We all tried to capture the flash… mission accomplished!

The Tank Museum kindly gave TankHistoria access to their press area, which is where I spent most of my weekend, happily snapping away at the heavy metal action unfolding in front of me.

Upon arriving (early on the Saturday morning), one immediately notices that this event has increased in scale. Two stages, bag searches, large amounts of hot-food and multiple entrance lanes means TANKFEST has a much more “festival-y” vibe to it, something I’m a big fan of.

Once you’re through the gates, you’re met with a sprawling scene; dioramas on your left, trading stalls on your right, and vehicles and period reenactors all around.

A stage at TANKFEST.
One of the two large stages at this year’s TANKFEST.

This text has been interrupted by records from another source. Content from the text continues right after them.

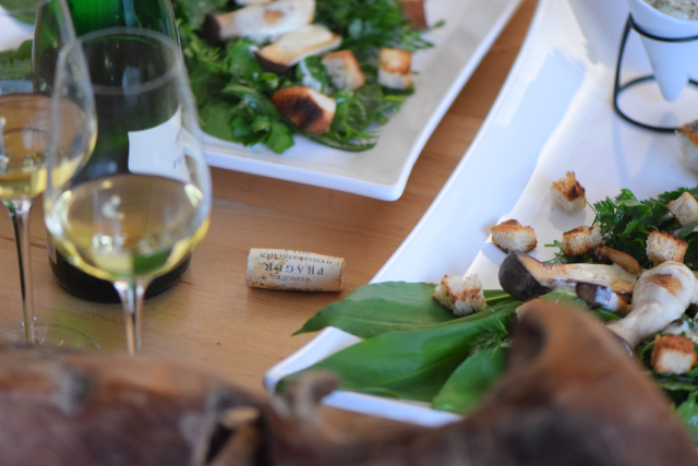 Dazu Rotbarschfilets in der Pfanne braten. Weißen Spargel in einem Dampfbad dünsten.
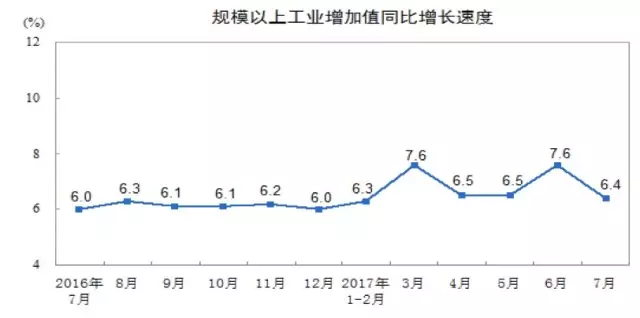 2017年7月份,规模以上工业添加值同比现实增加6。4%,比6月份回落1。2个百分点,比上年同月加速0。4个百分点。从环比看,7月份,规模以上工业添加值比上月增加0。41%。1-7月份,规模以上工业添加值同比增加6。8%。
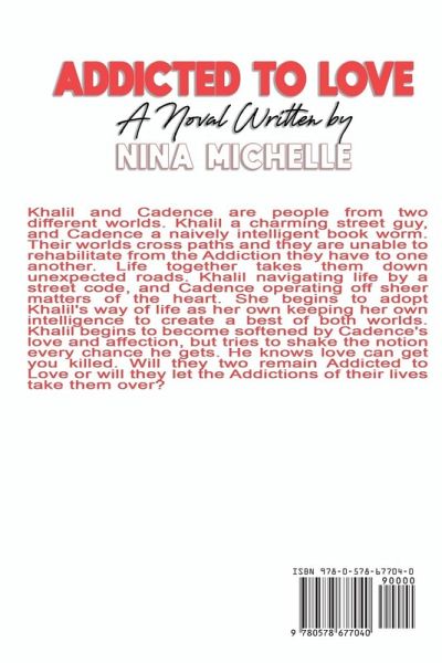 Khalil and Cadence are people from two different worlds. Khalil a charming street guy, and Cadence a naively intelligent book worm. Their worlds cross paths and they are unable to rehabilitate from the Addiction they have to one another. Life together takes them down unexpected roads. Khalil navigating life by a street code, and Cadence operating off sheer matters of the heart. She begins to adopt Khalil's way of life as her own keeping her own intelligence to create a best of both worlds. Khalil begins to become softened by Cadence's love and affection, but tries to shake the notion every chance he gets. He knows love can get you killed. Will they two remain Addicted to Love or will they let the Addictions of their lives take them over?
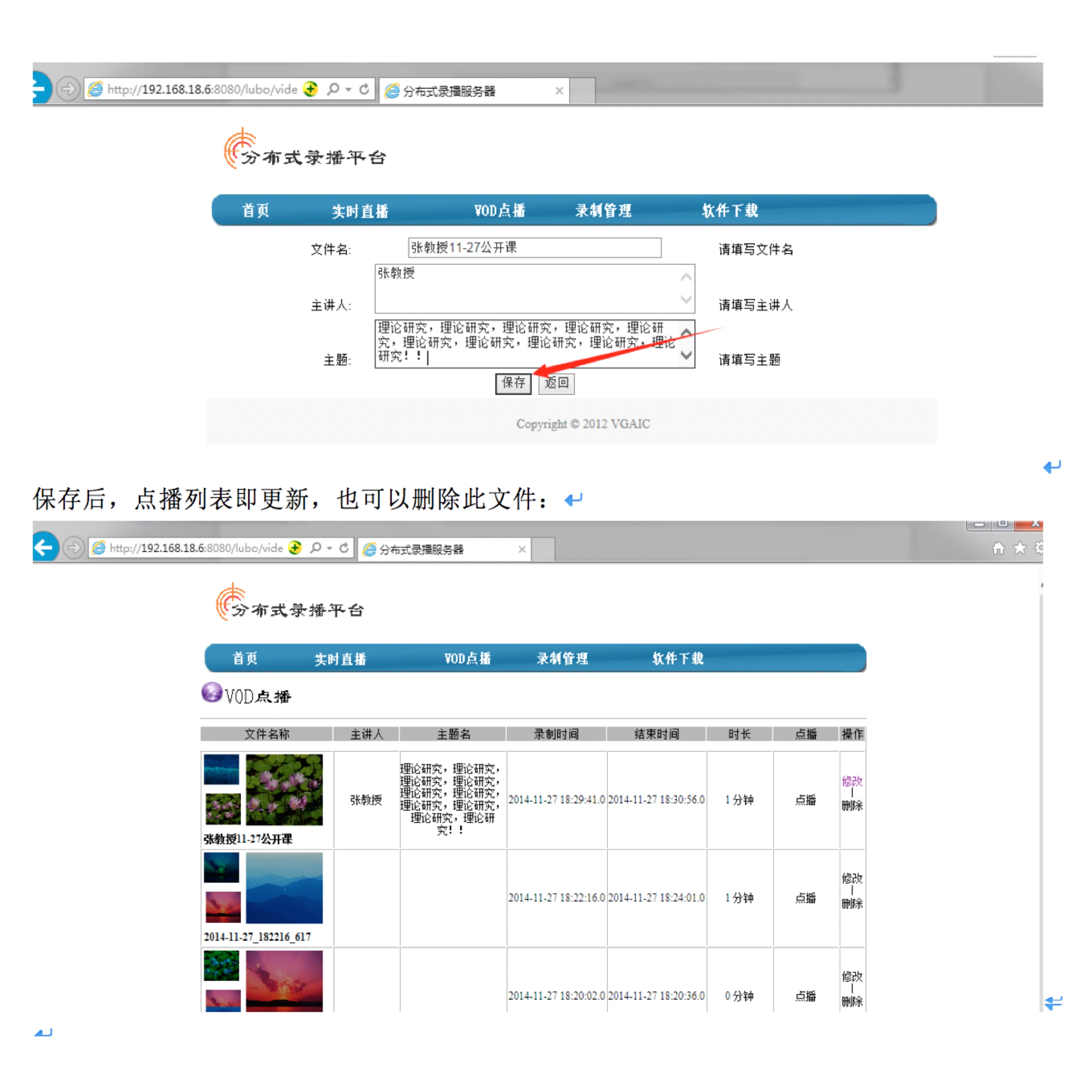 10.點(diǎn)播列表根據(jù)錄制自動(dòng)生成,可以任意修改文件名/主講人/介紹等各種參數(shù);

The smell of food and burnt diesel fills the air, while a tank in the arena echoes across the site – it is definitely good to be back!

As is standard practice on TANKFEST, the Vehicle Conservation Centre is open to the public. This is one of the most fascinating places at The Tank Museum; a room rammed full of rare prototypes and one-offs, topped off with the odd vehicle that didn’t quite make the cut for the museum.

There is so much to see in here, and its a shame it isn’t open all year round.

The Vehicle Conservation Centre
The Vehicle Conservation Centre, AKA tank heaven.

TANKFEST is set in a semi-circle around the museum’s Kuwait Arena, giving you quick access to the sights no matter where you are. The vehicles involved in the displays are kept in a sectioned off parking area, which is opened in between displays to let the public get up close and personal with these machines while they are still warm.

This “alive” aspect really gives you a proper appreciation and understanding of the weight – and strain – of these vehicles that you simply cannot get from a static piece.

Speaking of warmth, it seemed like the tank gods were looking out for us. The forecasted torrent of rain we were all praying didn’t happen held off the entire weekend, bar a small splash on the Sunday.

Dark clouds.
They were many ominous clouds, but we managed to get lucky for the entire weekend.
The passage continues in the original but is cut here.